##### Available data

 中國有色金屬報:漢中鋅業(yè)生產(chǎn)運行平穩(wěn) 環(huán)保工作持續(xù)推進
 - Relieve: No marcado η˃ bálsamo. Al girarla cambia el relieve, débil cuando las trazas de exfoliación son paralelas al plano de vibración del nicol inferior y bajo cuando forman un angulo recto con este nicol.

##########
##### Available data

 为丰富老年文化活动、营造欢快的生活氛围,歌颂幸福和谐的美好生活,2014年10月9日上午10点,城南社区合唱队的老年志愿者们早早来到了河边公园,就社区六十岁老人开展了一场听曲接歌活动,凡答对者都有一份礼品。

##########
##### Available data

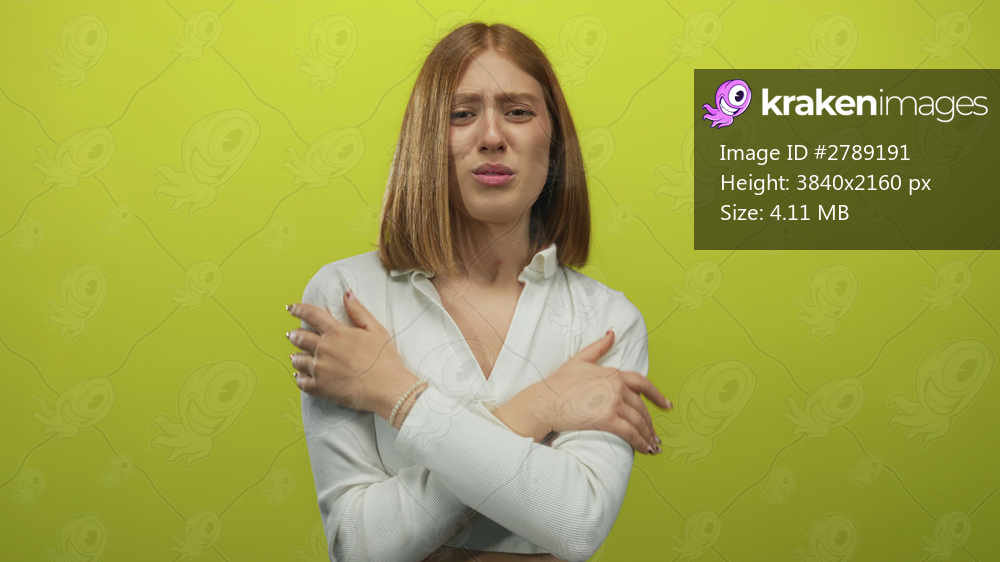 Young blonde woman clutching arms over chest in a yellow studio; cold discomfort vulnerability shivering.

##########

* Your goal
Where the listing above has a line with "中國有色金屬報:漢中鋅業(y", start there, and output every line exactly through the line with "- Relieve: No", which is also included.

* Response to this exercise
 中國有色金屬報:漢中鋅業(yè)生產(chǎn)運行平穩(wěn) 環(huán)保工作持續(xù)推進
 - Relieve: No marcado η˃ bálsamo. Al girarla cambia el relieve, débil cuando las trazas de exfoliación son paralelas al plano de vibración del nicol inferior y bajo cuando forman un angulo recto con este nicol.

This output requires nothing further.